Remote Backup with Secure Shell and Rsync
- 16 September 2008
Back in 2000 John Langford of the Machine Learning (Theory) blog and I wrote a backup script which I am still using today. A number of other people have found it useful so I decided to release it under an open source license. The script is easy to use under Linux. I am told it also backs up Windows with a bit of tweaking.
The impatient readers may go ahead and immediately download the backup script. Read the enclosed file INSTALL.txt for installation instructions. You will need perl, ssh and rsync, all standard parts of most Linux distributions. Here I will explain the idea behind the script.
How it works
Suppose we have a directory d on machine A which we want to backup to a remote machine B. For example, d could be the entire file system or your home directory. If we already have an outdated copy of d stored on machine B, then rsync is the perfect tool for the task. It detects the differences between the original and the copy, and intelligently propagates them from machine A to machine B.
However, we typically want to keep several copies of the backup (daily, weekly, monthly, yearly) and not just one. The procedure for making a new backup is then as follows:
- on machine B make a copy of the latest backup available,
- use rsync to update the copy with the original on machine A,
- delete some of the old backups if there are too many.
This idea is fine, except that each backup takes up as much space as the original. Although disk space is very cheap, we would quickly run out of space on machine B. Even more annoying would be the time needed to make a copy of the backup (if you do not believe me, try copying 30GB of data spread accross ten thousand files from one directory to another on the same disk). A little bit of Unix filesystem magic helps solve the problem. Instead of physically copying the latest backup, we copy just the directory structure and hard link the files (read the Wikipedia article on hard links if you have never heard of them). The GNU cp command with the
--link argument does this very efficiently. This way the latest backup and its copy share all the data. When we run rsync on the copy, it “unshares” only those files that have changed. That’s it.
The net result is a series of backups which share common data. Additionally, if we delete any of the backups, the others remain intact (even though they share data). When the last backup holding a reference to a particular file is deleted, the Unix filesystem removes the data for that file from disk. We have incremental backups where each snapshot behaves exactly like the original.

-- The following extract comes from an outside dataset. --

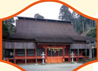
英彦山神宮奉幣殿

英彦山神宮 日本三大修験山の一つとして、古くから人々の信仰を集めてきた英彦山。神宮の主祭神として祀られているのは、かつて鷹の姿をして田川の地に現れたと伝わる天忍穂耳命(アメノオシホミミノミコト)。農業や鉱山、工場の守護神、また勝運の神様として敬われています。

The backup script does all this for you. It also controls the number of old backups kept, sends you e-mail if a backup fails, allows you to tell rsync which files or file types to ignore, and more.
Backup in practice
I just backed up my laptop. It took very long, 7 minutes, because I had not backed it up for two weeks and have accumulated many new files. Typically it takes somewhere between 30 seconds for “empty” backup and 2 minutes after a day’s work with lots of downloads and compilation of large chunks of source code. My backup server contains a total of 21 backups of my laptop, which comes up to 29 GB of disk space. The oldest backup is from 2006 and it takes 694 MB, whereas the latest is from one minute ago and takes 12 GB of space.
Other uses of the backup script that I have heard of:
- I backup our home computer every night over a slow ADSL line whose upload rate is only 256 Mbit/s. Last night it took 40 seconds, but it takes several hours when my wife dumps a camera full of photos into her home directory.
- A reasearch instutite with more than 700 employees uses the backup script to backup their mail server every 10 minutes!
- At my department we backup the main web server and the e-learning site, which has more than a thousand users and several gigabytes of data. (We also dump the databases and backup the dumps, too.)
MacOS and Windows
There are certain similarities between the backup script and MacOS “Time machine”, but I suspect the Time machine actually backs up journals from a journaling file system. Anyhow, the backup script should work on MacOS, which is just Unix in disguise.
If you want to backup a Windows machine, you could install perl, ssh and rsync on it. It ought to work in principle (note that only the server needs a file system with hard links). Or you can mount its filesystem on a Linux machine with Samba, and make the backup from the Linux machine. If there is enough interest, I can ask a friend who does this to provide more info.
I am considering an extension that would allow one to do secondary backups on a second server: every time a backup is made on machine B, it would make another copy of the backup on machine C.
An interesting variant of this involves making secondary backups on untrusted machine C as follows. On machine B we create an encrypted loopback filesystem and make backups of machine A in the loopback filesystem. Then we make a secondary backup on machine C by sending it (with rsync) the file containing the loopback system. Because the loopback is encrypted, access to machine C does not reveal the contents of the backup.
Finally, here is the download:
The software is supposed to be stable, contrary to the low version number. It has been working since 2000 without major changes.